Instructions for the task >> Restate word for word the lines below from the one that has "設(shè)計(jì)要點(diǎn):經(jīng)歷" through the one that has "中新网3月16日电 据香港《", keeping both and dropping all pictures.

Task inputs >>

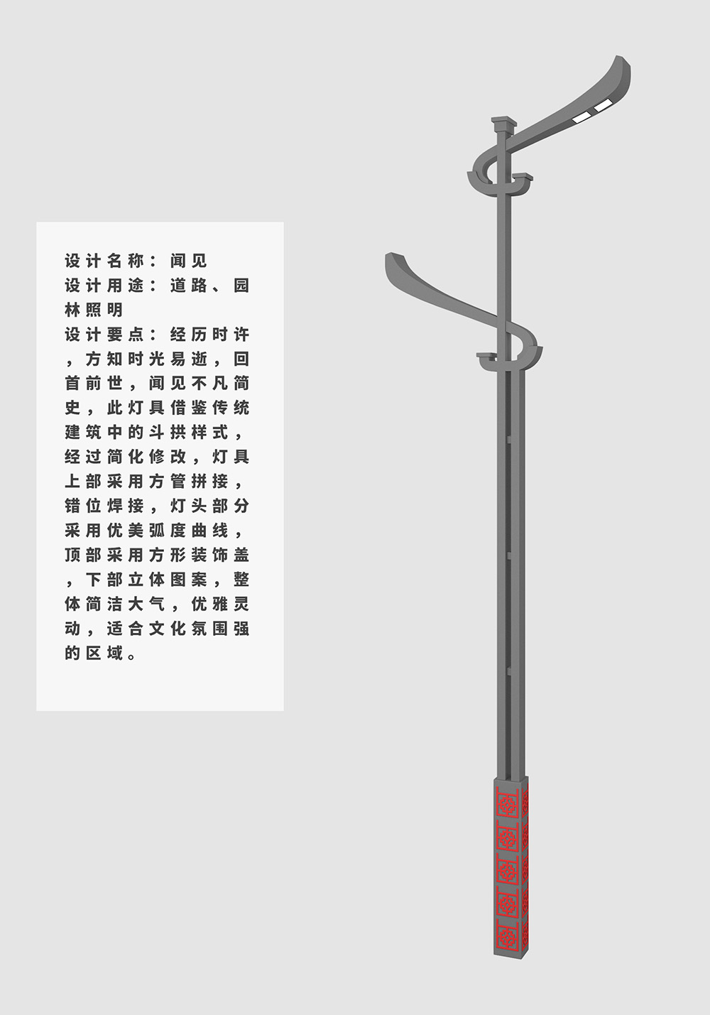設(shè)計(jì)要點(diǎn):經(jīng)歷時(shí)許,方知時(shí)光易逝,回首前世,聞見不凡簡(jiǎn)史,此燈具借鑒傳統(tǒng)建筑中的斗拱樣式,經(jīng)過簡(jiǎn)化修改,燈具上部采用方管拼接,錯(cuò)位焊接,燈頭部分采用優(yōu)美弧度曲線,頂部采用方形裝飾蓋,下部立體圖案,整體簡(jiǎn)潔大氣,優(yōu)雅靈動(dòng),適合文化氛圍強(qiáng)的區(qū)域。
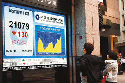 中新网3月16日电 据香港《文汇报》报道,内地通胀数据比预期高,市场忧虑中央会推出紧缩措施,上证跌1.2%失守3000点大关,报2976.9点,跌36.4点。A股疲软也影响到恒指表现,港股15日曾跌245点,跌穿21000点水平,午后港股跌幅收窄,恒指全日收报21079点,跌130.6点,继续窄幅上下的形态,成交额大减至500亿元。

==

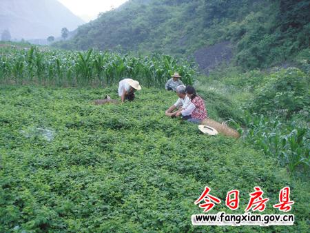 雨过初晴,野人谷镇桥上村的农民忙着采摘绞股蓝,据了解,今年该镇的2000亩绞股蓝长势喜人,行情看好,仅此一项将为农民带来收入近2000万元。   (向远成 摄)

==

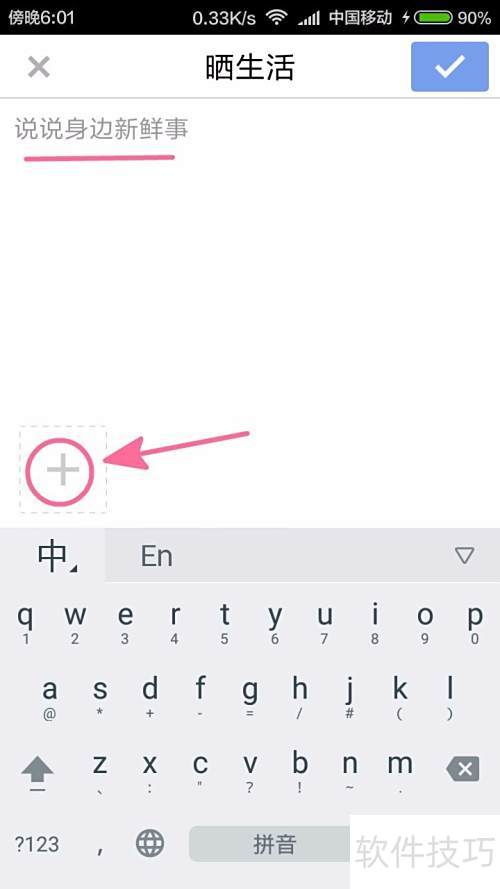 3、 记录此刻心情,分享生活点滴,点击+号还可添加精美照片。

Written response >>
設(shè)計(jì)要點(diǎn):經(jīng)歷時(shí)許,方知時(shí)光易逝,回首前世,聞見不凡簡(jiǎn)史,此燈具借鑒傳統(tǒng)建筑中的斗拱樣式,經(jīng)過簡(jiǎn)化修改,燈具上部采用方管拼接,錯(cuò)位焊接,燈頭部分采用優(yōu)美弧度曲線,頂部采用方形裝飾蓋,下部立體圖案,整體簡(jiǎn)潔大氣,優(yōu)雅靈動(dòng),適合文化氛圍強(qiáng)的區(qū)域。
 中新网3月16日电 据香港《文汇报》报道,内地通胀数据比预期高,市场忧虑中央会推出紧缩措施,上证跌1.2%失守3000点大关,报2976.9点,跌36.4点。A股疲软也影响到恒指表现,港股15日曾跌245点,跌穿21000点水平,午后港股跌幅收窄,恒指全日收报21079点,跌130.6点,继续窄幅上下的形态,成交额大减至500亿元。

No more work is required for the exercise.